*** Opening Given data ***

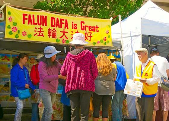 北加州奥克兰市聚集许多华人,8月26、27日,在该市中国城举行中秋街会,吸引各族裔游客光顾,法轮功学员也参加了街会并设立展位。
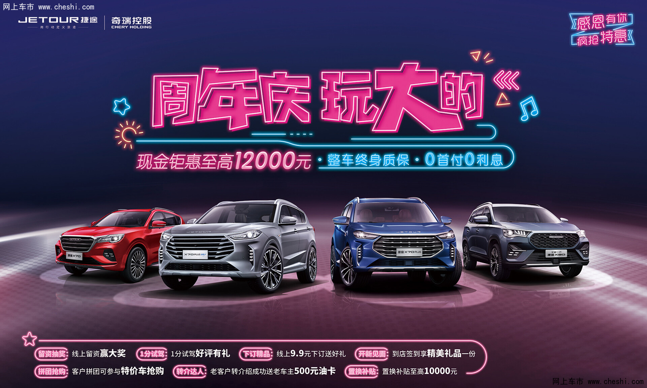 流火夏日,奇瑞捷途即将迎来三周年庆,为了回馈粉丝和用户的厚爱,奇瑞捷途联合40+新开业门店在内的全国经销商,开启购车超值福利大放送,线上线下豪礼送不停!
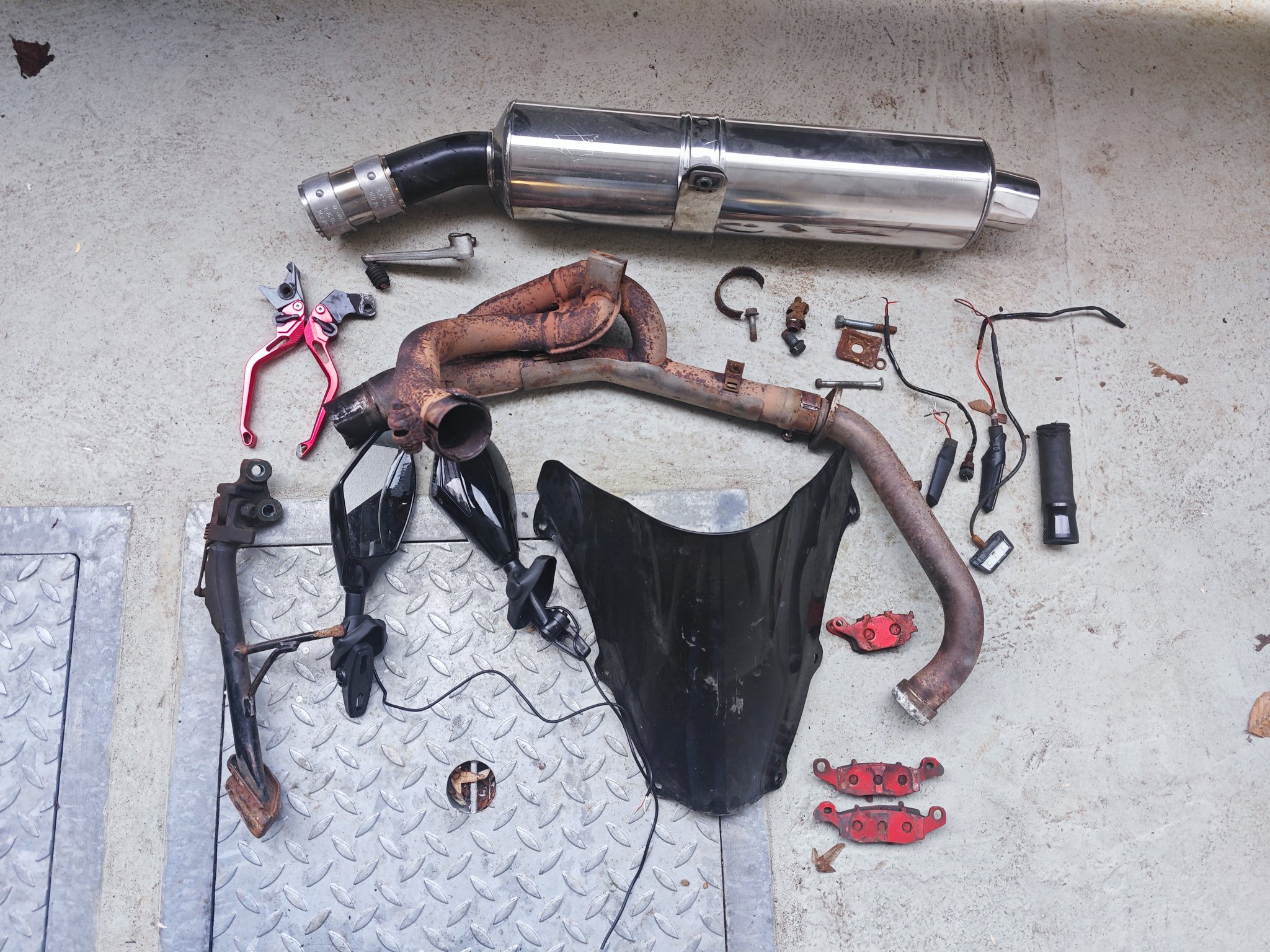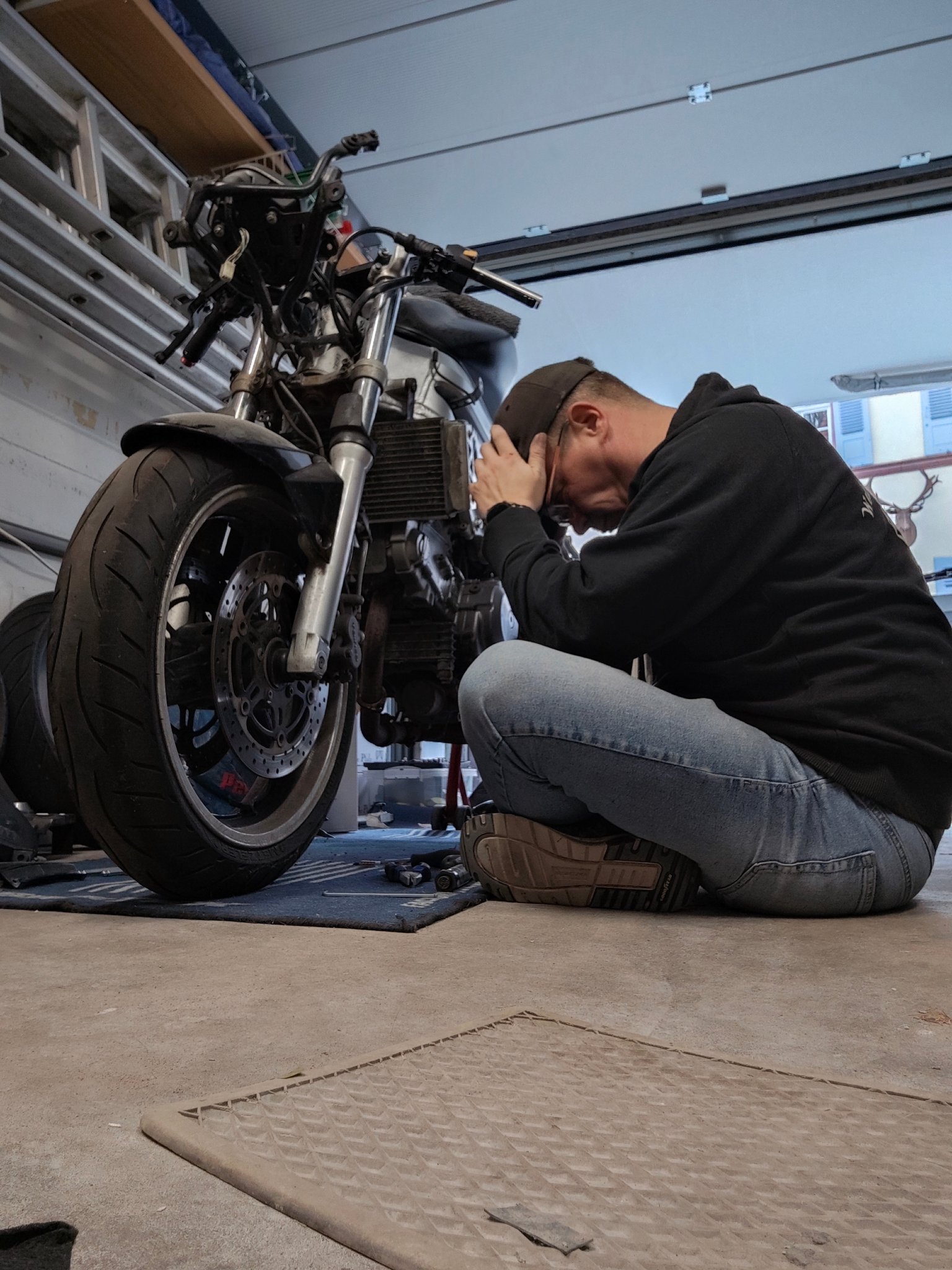 Ich glaube nicht. Habe bereits einen Austauschmotor hier stehen, der eingebaut werden soll. Wenn der drinnen ist, wird die Gabel überholt, ein gebrauchtes Gixxerbein besorgt, das ebenfalls revidiert wird. Dann noch die Räder wieder auffrischen und polieren, die Verkleidungsteile und den Tank abschleifen und neu lackieren lassen, Spiegel, Blinker, Scheibe und Auspuff kaufen, Heckrahmen entrosten und entweder lackieren oder gleich pulvern lassen, Wasserkühler, Bremssattelhalter hinten austauschen, Bremssättel aufarbeiten lassen oder gleich wechseln, neue Bremsleitungen... Ach ja, einen anderen Seitenständer brauche ich dann auch noch, die Bugspoiler-Halter müssen auch neu gepulvert werden. Dann noch jede Menge neuer Schrauben. Dann ist sie fast wie neu. 🙄😩🙈
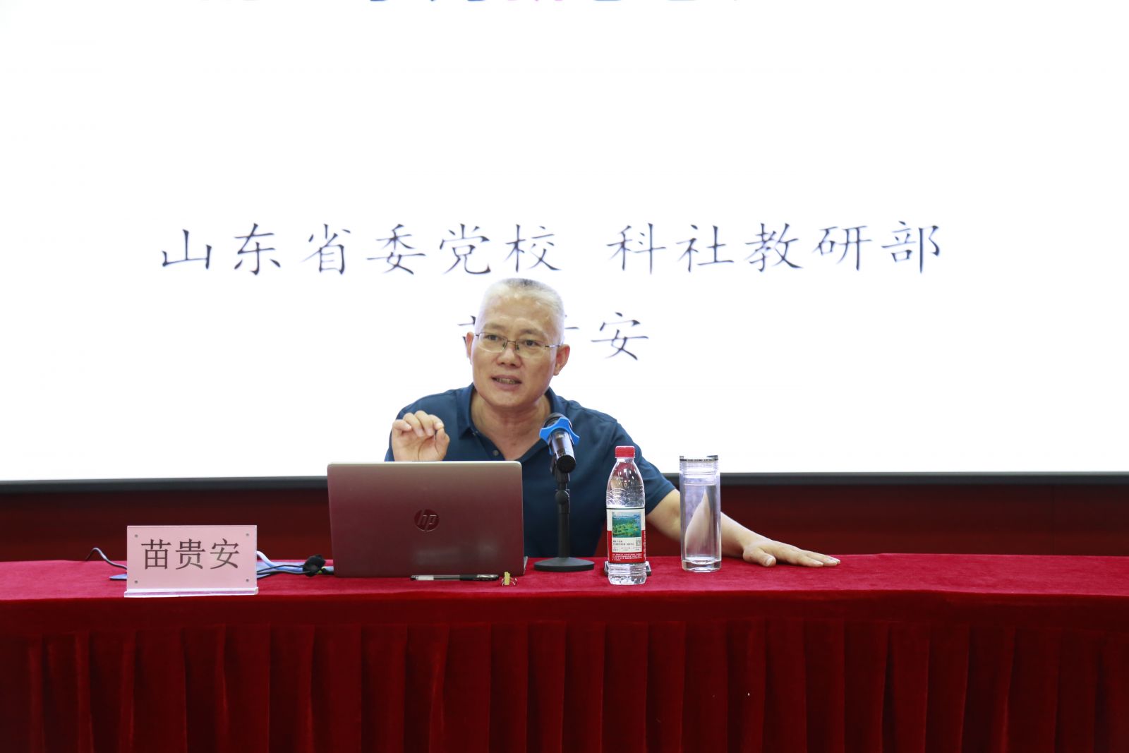 山東省委黨校科社教研部副教授苗貴安作《習(xí)近平總書記關(guān)于全面深化改革的一系列新思想、新觀點、新論斷》的講解培訓(xùn)。

*** Closing Given data ***

Retype the listing above exactly, please. Pictures do not belong in the copy.

**Problem solution**:
 北加州奥克兰市聚集许多华人,8月26、27日,在该市中国城举行中秋街会,吸引各族裔游客光顾,法轮功学员也参加了街会并设立展位。
 流火夏日,奇瑞捷途即将迎来三周年庆,为了回馈粉丝和用户的厚爱,奇瑞捷途联合40+新开业门店在内的全国经销商,开启购车超值福利大放送,线上线下豪礼送不停!
 Ich glaube nicht. Habe bereits einen Austauschmotor hier stehen, der eingebaut werden soll. Wenn der drinnen ist, wird die Gabel überholt, ein gebrauchtes Gixxerbein besorgt, das ebenfalls revidiert wird. Dann noch die Räder wieder auffrischen und polieren, die Verkleidungsteile und den Tank abschleifen und neu lackieren lassen, Spiegel, Blinker, Scheibe und Auspuff kaufen, Heckrahmen entrosten und entweder lackieren oder gleich pulvern lassen, Wasserkühler, Bremssattelhalter hinten austauschen, Bremssättel aufarbeiten lassen oder gleich wechseln, neue Bremsleitungen... Ach ja, einen anderen Seitenständer brauche ich dann auch noch, die Bugspoiler-Halter müssen auch neu gepulvert werden. Dann noch jede Menge neuer Schrauben. Dann ist sie fast wie neu. 🙄😩🙈
 山東省委黨校科社教研部副教授苗貴安作《習(xí)近平總書記關(guān)于全面深化改革的一系列新思想、新觀點、新論斷》的講解培訓(xùn)。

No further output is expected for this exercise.